Le 20 juin 2024, l’arbitre a rendu une décision en faveur de notre confrère Michael Palmer, mécanicien de catégorie 13 à YUL avec 35 ans de service, reconnaissant que sa mise à pied était injustifiée et discriminatoire.
L’arbitre ordonne à l’employeur de verser à Michael 14 mois de salaire perdu, soit environ 120 000 $, en plus des heures supplémentaires qu’il n’a pu effectuer, avec intérêts au taux légal. De plus, une bonification de son fonds de pension d’environ 500 $ par mois lui est accordée, pour un total estimé à 150 000 $.
Nous saluons le travail exceptionnel de Serge Gélinas, du District 140, ainsi que de l’exécutif du Local, qui ont accompagné ce dossier avec rigueur et détermination.
Retour sur une bataille de longue haleine
L’histoire de Michael Palmer est marquée par une lutte de plusieurs années contre une injustice flagrante. En 2013, il subit un accident du travail. Trois ans plus tard, la CNESST le déclare apte à reprendre ses fonctions sans limitations.
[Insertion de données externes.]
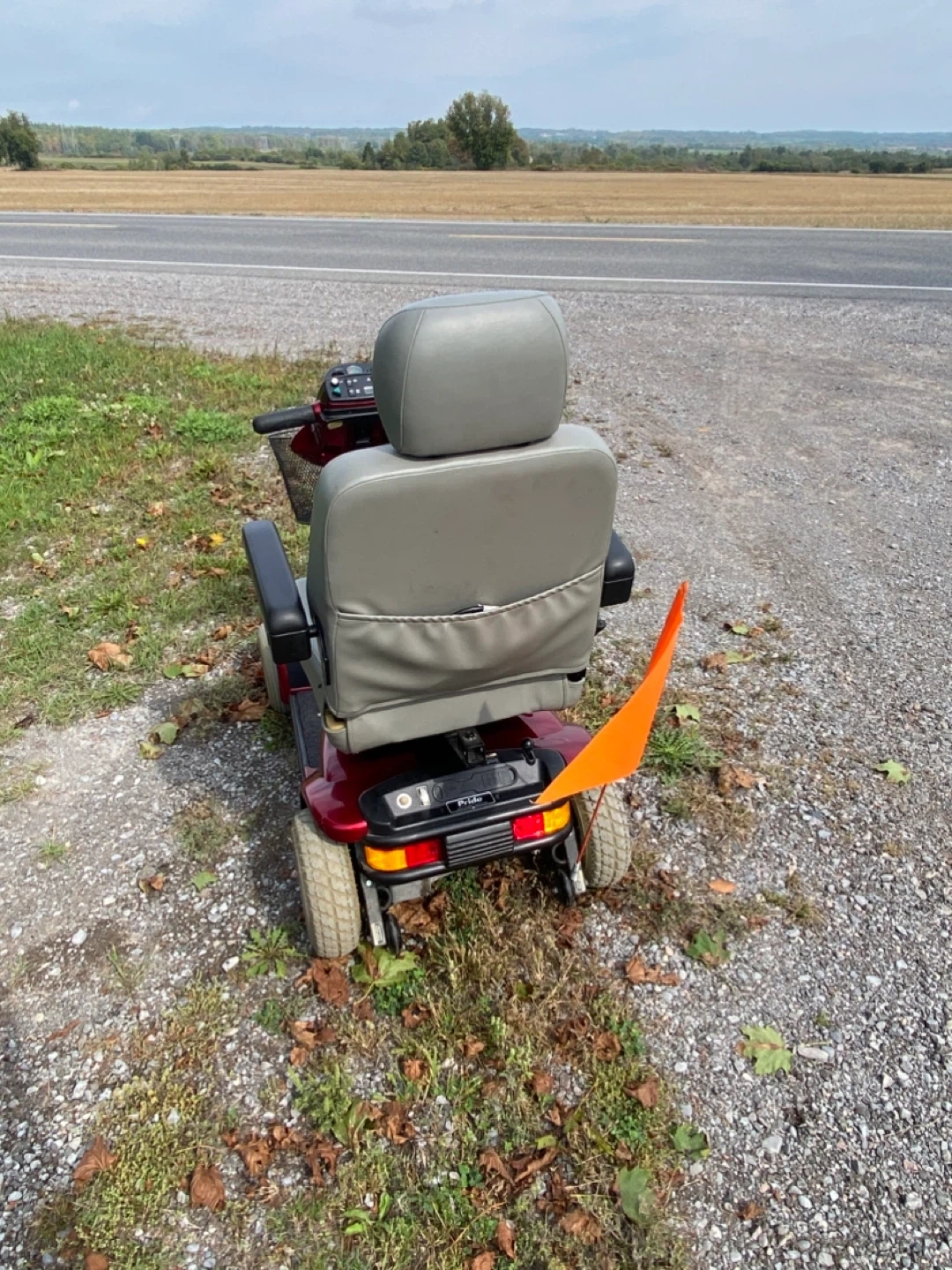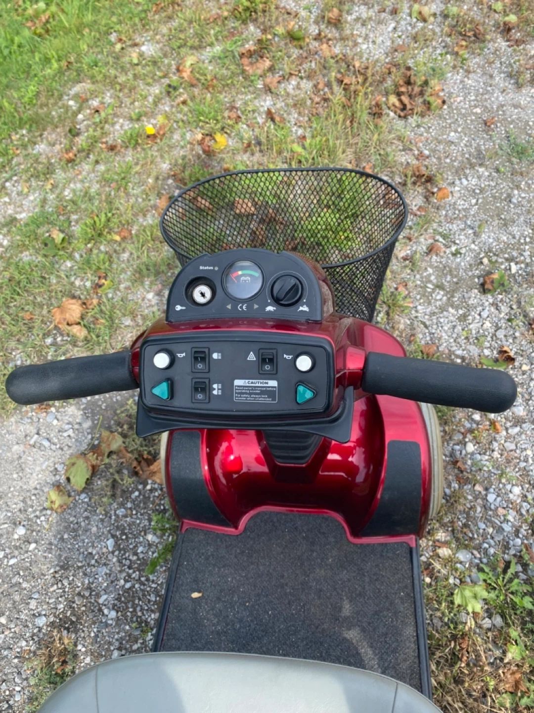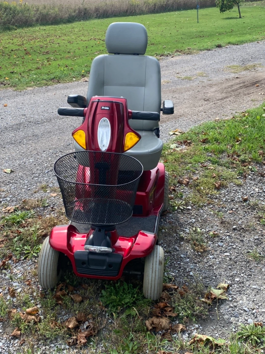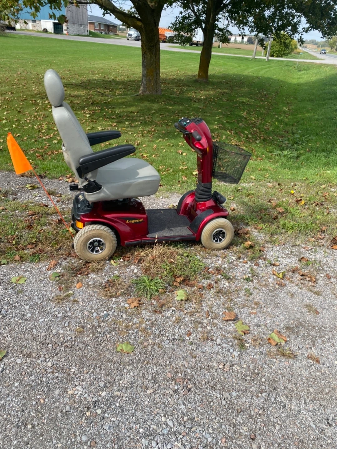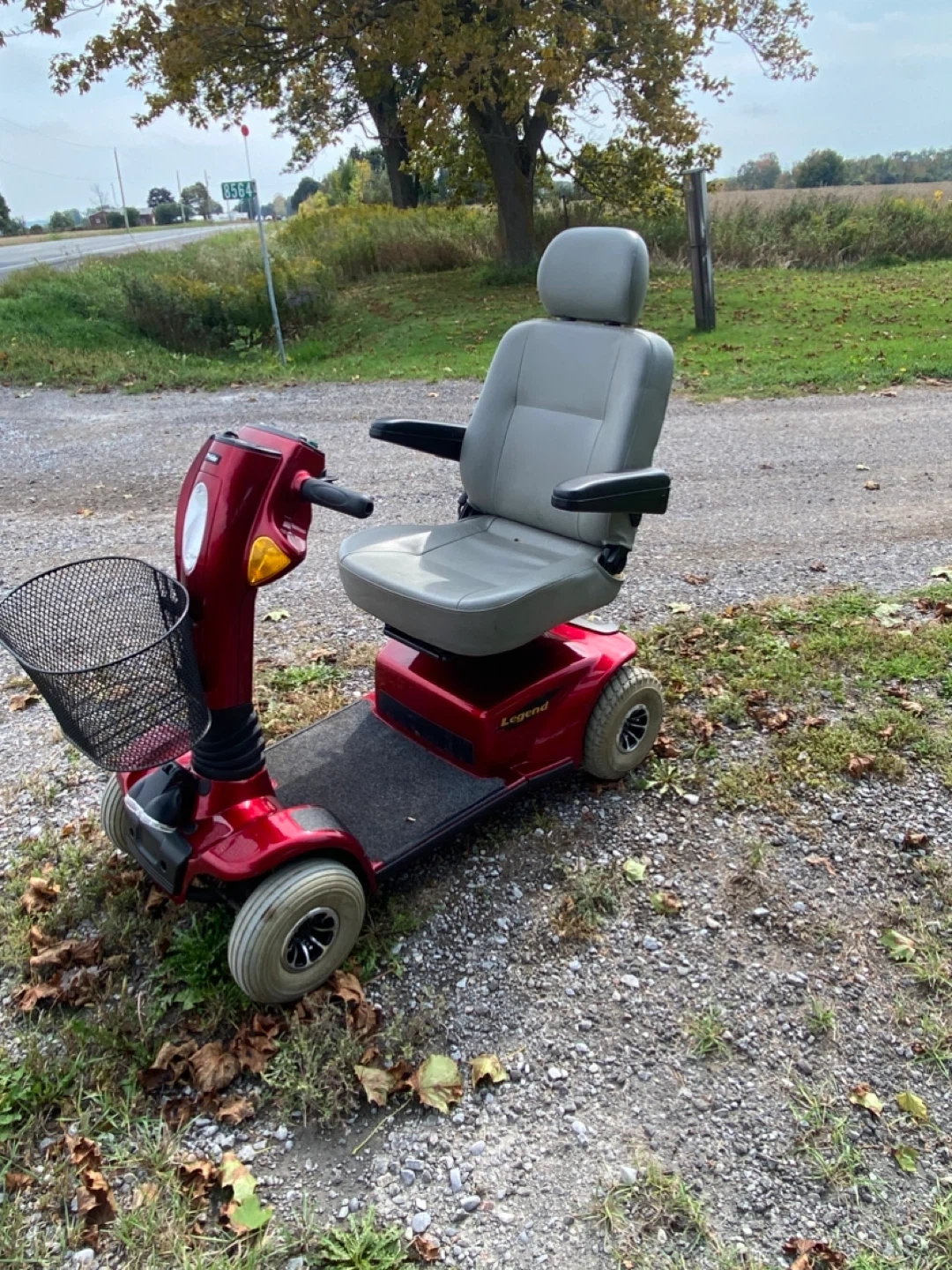 Selling a Pride Legend mobility scooter. It's in good condition and ready to go! It features a comfortable seat and a basket for carrying items. Perfect for getting around town or enjoying the outdoors
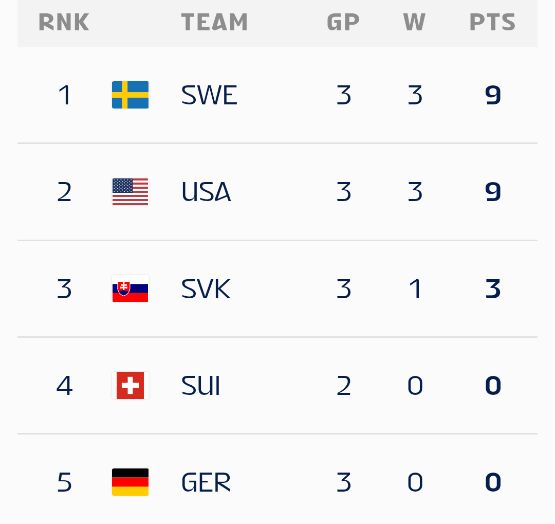 Wie zu erwarten steht Deutschland nach den ersten 3 Spielen mit 0 Punkten da. Die Schweiz erwartungsgemäß nach den Spiele gegen die USA und Schweden auch. Heute zur Primetime kommt es also zum vermutlich mal wieder entscheidenden Klassiker darum wer in die Relegation muss.
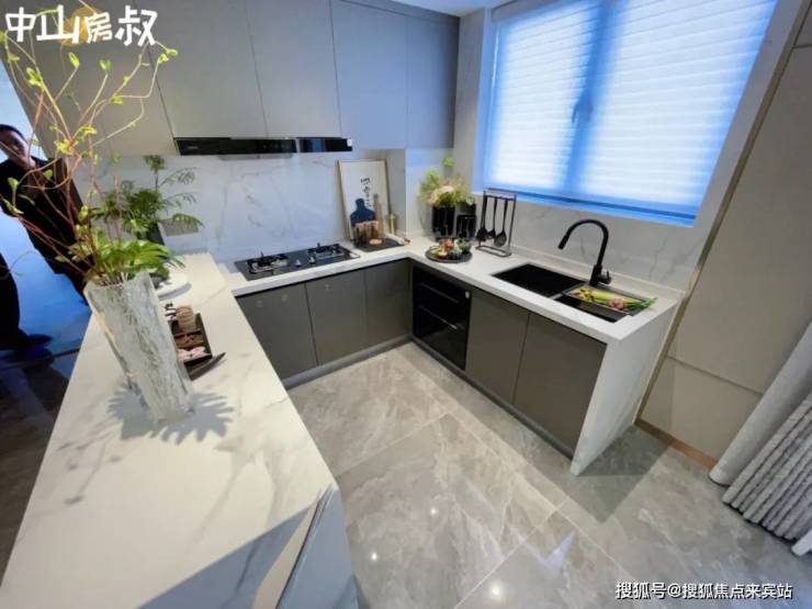 左手边的厨房被开发商设计成开放式U型大厨房,墙体打掉后,视野空间一下变大。

À son retour, il informe son gestionnaire qu’il ne peut conduire de véhicule en raison d’effets secondaires de sa médication. L’employeur lui accorde alors un accommodement pendant trois ans. Mais en 2019, un nouveau gestionnaire décide de le déplacer vers une autre fonction, dans un environnement isolé et dégradant, surnommé par les travailleurs «la cage«.
Lorsque survient la pandémie de COVID-19 en 2020, Michael est mis à pied dans le cadre d’une réduction d’effectifs. Mais contrairement à d’autres travailleurs, il n’est jamais rappelé après la fin de la mise à pied technique en juin 2020. Il se retrouve donc sans salaire pendant un an, jusqu’à sa réintégration forcée en juin 2021.
L’Association internationale des machinistes et des travailleurs de l’aérospatiale (AIMTA) a contesté cette situation devant l’arbitre, soutenant que l’employeur avait violé la convention collective ainsi que la décision de la CNESST. L’arbitre a tranché en faveur du confrère Palmer, jugeant que l’employeur avait agi de manière discriminatoire en raison de sa déficience, un motif de distinction illicite selon la Loi canadienne sur les droits de la personne.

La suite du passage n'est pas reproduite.